Week #2 – Bricked laptop, testing functions and a little local community building

The past week was my second one at GSoC 13.

To be honest, as compared to the first week, this week was slow. I lost the use of laptop, for some hitherto unknown reasons. It was a Dell Vostro 1520, which I was using for almost 4 years now. I still have no clue as to what happened, but I suspect a motherboard failure here (there was no LED activity at all).
So I spent the entire weekend fretting over that.
Luckily I now have access to another machine (a better one when it comes to specs) with almost everything I will be needing. I installed Ubuntu, instead of my usual Debian, to save time in configuring. I figure I have everything that’s needed now ( git repos, tool chains, ssh keys to devices, etc etc)

Before all of these distractions, I was working on setting up the basics for the blink code. Me and Parav have divided the work amongst ourselves for the blink part. I would be taking care of all the functions that will be required for accessing /sys/ as well as stuff like delay, etc. Also, communication over ssh is something else that I am taking care of.
Parav is working on the pin_mux as well as the Makefile. The makfile part is pretty cool. The aim is to enable anyone to just download the libraries and makefile and let them write code using the arduino like functions in their own IDE ( Emacs, Vim, etc). So basically this is for folks who are not exactly newb to programming in general, but are new to Embedded Linux and the BBB.

The testing part which I mentioned in my last post was good. I found out a few minor errors I’d done in my previous code ( value to be passed to the functions should be a char[] instead of int, among other things). Also, I pushed it here. If anyone would like to test the code, you can just clone the repo, setup ssh keys for your BBB using the instructions in the bash file. And run it as ./send_exec generic_function.c
The code will compile, upload and execute. Right now I have enough functionality to turn on/off a usr_led, export/unexport a gpio pin and set/get its value, direction, etc.
So the next thing I will be working on is the delay function which will allow me to blink a LED. I hope to get this up and running by Wednesday (for the weekly meeting).  Once we have the core functionality up, we can tackle bigger things like pwm, adc, etc.
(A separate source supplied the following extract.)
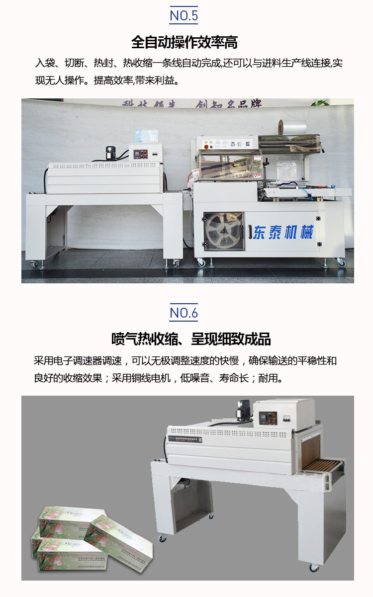 自動(dòng)塑料膜熱收縮包裝機(jī)結(jié)構(gòu)緊湊占地面積小,非常適合配套自動(dòng)包裝流水線完成產(chǎn)品的自動(dòng)無(wú)人化包裝,適合于單個(gè)物品包裝或有底托物品包裝。

There exists an Internet of Things meetup in my city (Pune, IN), where Arduino hackers meet to work on awesome projects.
Most of the projects that are done here using the Arduino. But we also have a few Raspberry Pi enthusiasts amongst us.
So this week I gave a small demo of the BeagleBone Black (since I got it last week) and we had a nice discussion about the features of the Black, and the differences between the Arduino, Pi and the Black. I also talked about the userspace-arduino project and how we can use the same IDE and the same code/libraries for programming on the Black.
Some photos

Till next week !


Week #1 – Hardware, read/write sysfs entries and shell scripting

17th to 23rd June was the first week of GSoC.
This week I have been working on setting up a script to compile, upload and execute code over ssh to the BBB.
Apart from that, I wrote some basic C code for reading and writing values to /sys/class/ entries
Raw code is here
I haven’t yet pushed it anywhere, because I am still trying it out on various entries in /sys/ . That will be on the agenda for this week.

This week I received all the hardware that I need to get started with for my work with the arduino-like userspace libraries at BeagleBoard.org.
I’d like to shout-out to David Anders and the guys at CircuitCo for providing us with all the hardware to get going with this *awesome* project.
The fact that we are building a truly generic set of features for Embedded Linux boards inside the Energia ide is pretty mind-blowing, if you think of it. Any board (pcDuino, RaspberryPi, cubie, etc) could modify the work that we do and make it work for them ! So the same old Arduino-like environment will have a whole new plethora of ARM linux boards.
And I also received the GSoC welcome package ! Pretty classy diary Google 🙂 !

The green board is the Bacon cape, which is a really cool way to get started with the interfaces available on the BBB. The black board is the BeagleBone Black.